Did he start getting grabby and touchy after you were married? Or has he always been that way? i know you said he was a flirt, but really that's beyond flirty. when did he stop paying attention to you?


----------



## chris1130

He has been this way from day one of our relationship. I guess I just assumed that once we got married his behavior would change. He has always been very flirty with other women and he has been called out on more than one occasion by different people for getting a little too out of line. I think a lot of his behavior has to do with his up bringing because his father is the biggest pervert I know. I think because my husband has seen how his father degrades women than he must think that how he acts is not wrong. I really don't know what else it could be. It bothers me that I receive more attention and compliments from other men than I do my own husband. If he can show all these women attention than why can't he show me the attention?


----------



## Blanca

I completely empathize with your situation. The problem is he's always been this way and he doesn't see anything wrong with it. Its hard to enough to change a behavior in someone who actually wants to change. I think you need to sit down with him and find out if this is something he is seriously willing to work on and if not, you have to ask yourself if you would be ok with this the rest of your life. If not, and you decide to go your separate ways, try not to feel defeated. You learned something about yourself and what you want from a man.
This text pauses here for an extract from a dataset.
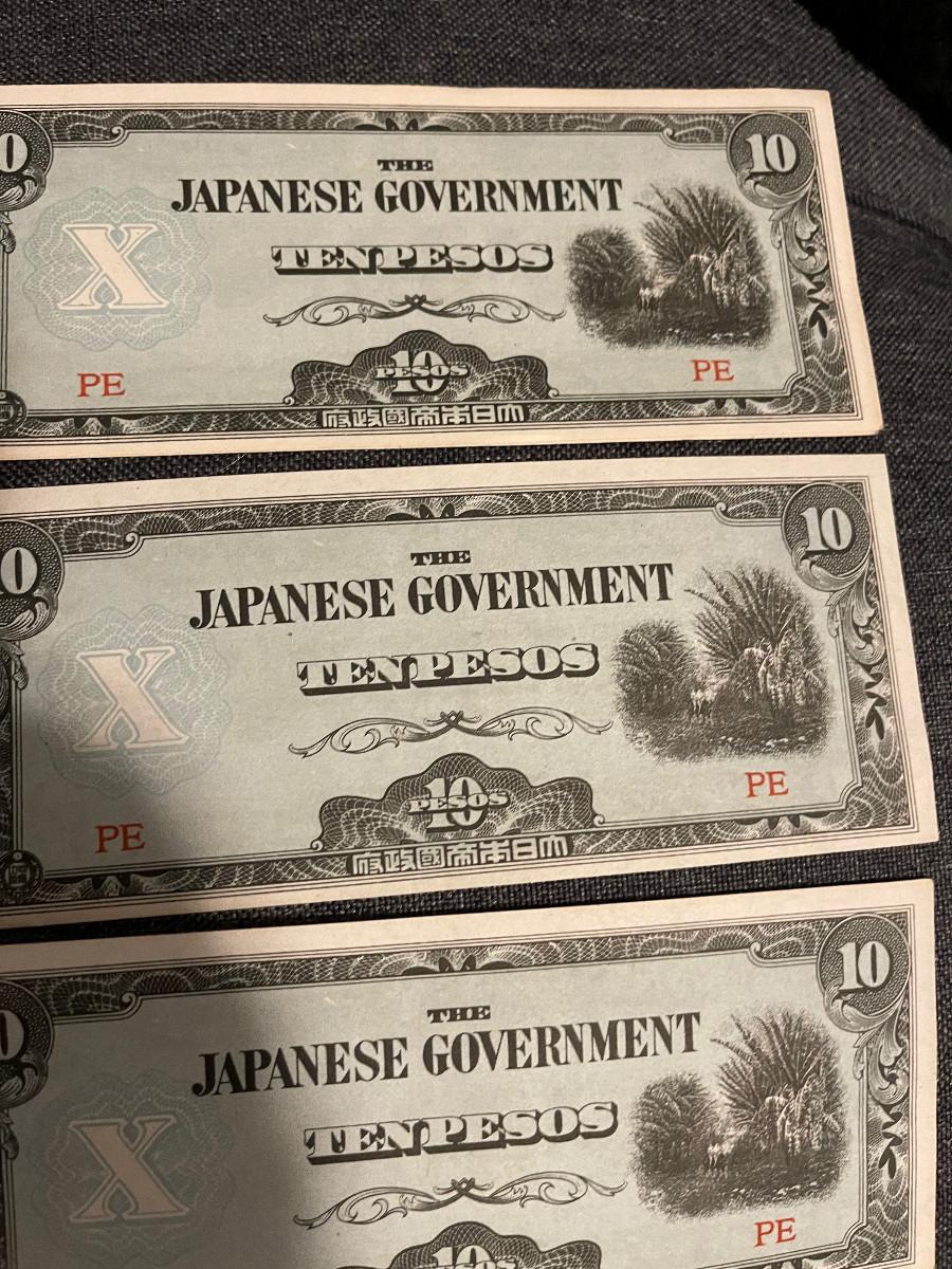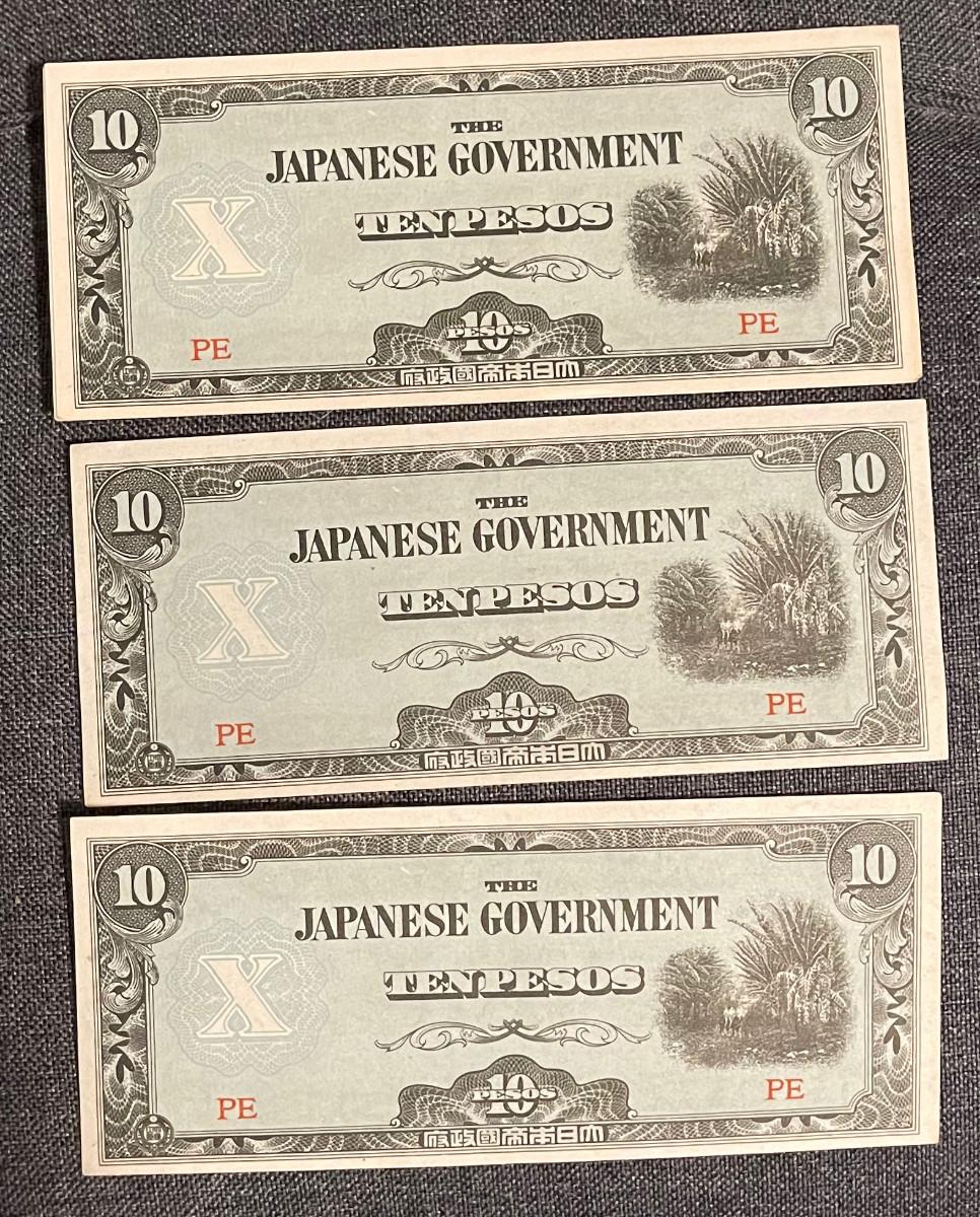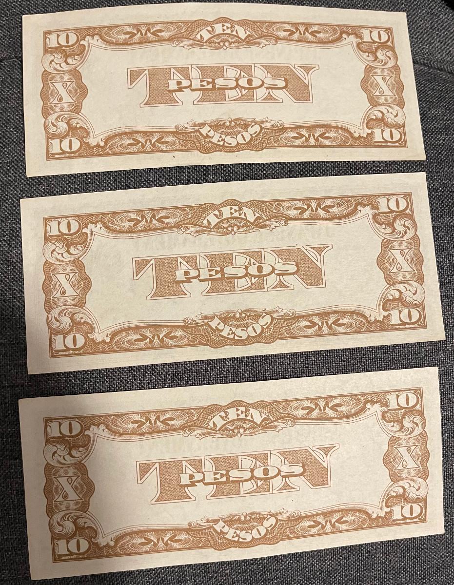 Excellent un-circulated condition, 3 Ten Peso Bank notes Japanese occupation money.

That's the important part.


----------



## justean

hi, i havent had the touchy bits that you say your hubby does, but i have had experiences where hubby talks sexual, and looking at other women. well its simply a very uneasy situation they put you in. 
half the time he says he doesnt know hes doing it.
i had to tell him of when i caught him talking to our 18 yr old babysitter. ( this ws a few yrs ago) . i told him he ws disgusting and i dont do it with him, so pack it in.
leave a man with another female and they think its an invitation .
so dont let him get in that situation. 
we have another sitter now and i dont leave the room. im going to be honest but its not just the men thinking sexually, its the girls as well. n e bit of attention and men fall for it. they think its fun.
my hubby is a carpenter and this yr got a card of one of his clients. a female who implied in her card for my hubby to stop looking at her tits, best part of this ws hubby kept this card in car and i found it a month later. i flipped my bloody lid. 
he said forgot it there, but he is quick enough to remind me of my past.
this yr has been a bad yr for us, he had a one night stand. so were recovering from that.
i know this sounds odd, but i do cruise holidays with my family and my hubby, picks up languages quickly. after our second cruise he bought a book to write down the lingo.
ok this ws stuff from 3 yrs ago , but i remember some things being said on our last cruise in may 08. some are easy to remember , although i did not know what they meant.
as my hubby is speaking to the girls, im sitting there like a plank whilst hes telling the girls there really pretty. ( romanian)
well the notebook was used by me, and only by chance i stumbled across all this really naughty talk.
i told him i cant take this n e more. this is inappropriate behaviour from a married man and yes it is,
i dont do his actions. but i have said no more. i wil not accept no more and i wont. i think ive taken to much over this past yr.
and its time to let go if it continues. as long as it stops that fine.


----------



## lonelyheart

Chris, I think a little flirting is good for boosting one's ego. You mentioned that you also do it. I think when you know your limits and respect each other then a little flirting is harmless. But touching and grabbing is a whole different issue.You also mentioned that he was a flirt from the start. I learned in life that people don't really totally change. There are some things that we observe at the start of a relationship that we ignore hoping they will change. There are always signs when we start a new relationship. I am going through a tough time with my marriage, but I somehow feel if i was observant enough, i would have recognized the problem then. But since you are in already, i think you have to sit and decide if you want to live with his flirting and grabbing the rest of your life, if he doesn't change that is.


----------